··· Given data
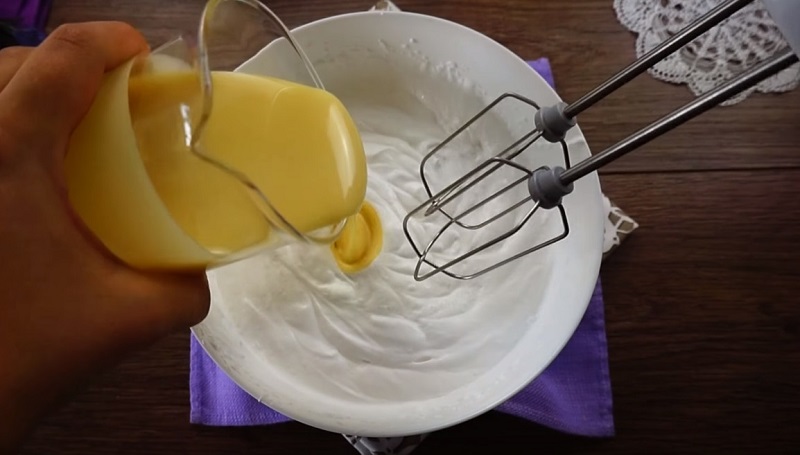 Słodką śmietankę wlej do miski i ubijaj dokładnie trzepaczką lub mikserem do momentu aż powstanie puszysta pianka. W dalszej kolejności dolewaj stopniowo skondensowane mleko ciągle mieszając, tak aby masa się nie ścięła.
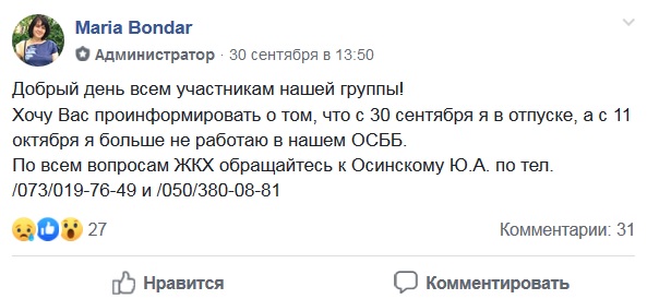М. Бондарь, еще 30 сентября, в группе FB, опубликовала новость о своем уходе с позиции офис-менеджера. Поворот неожиданный, даже для нашей инициативной группы, которая старается держать руку на пульсе.
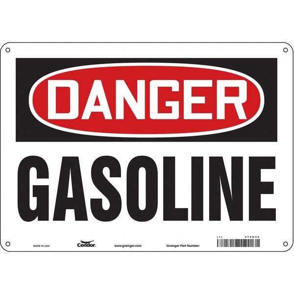Safety Sign, Horizontal Rectangle, Number of Printed Sides 1, English, Sign Format Traditional OSHA, Sign Legend Gasoline, Sign Legend Background Color White, Sign Legend Style Text
······
About this task
Leaving out the pictures, reproduce the whole listing above exactly.

Reply to the task
 Słodką śmietankę wlej do miski i ubijaj dokładnie trzepaczką lub mikserem do momentu aż powstanie puszysta pianka. W dalszej kolejności dolewaj stopniowo skondensowane mleko ciągle mieszając, tak aby masa się nie ścięła.
М. Бондарь, еще 30 сентября, в группе FB, опубликовала новость о своем уходе с позиции офис-менеджера. Поворот неожиданный, даже для нашей инициативной группы, которая старается держать руку на пульсе.
Safety Sign, Horizontal Rectangle, Number of Printed Sides 1, English, Sign Format Traditional OSHA, Sign Legend Gasoline, Sign Legend Background Color White, Sign Legend Style Text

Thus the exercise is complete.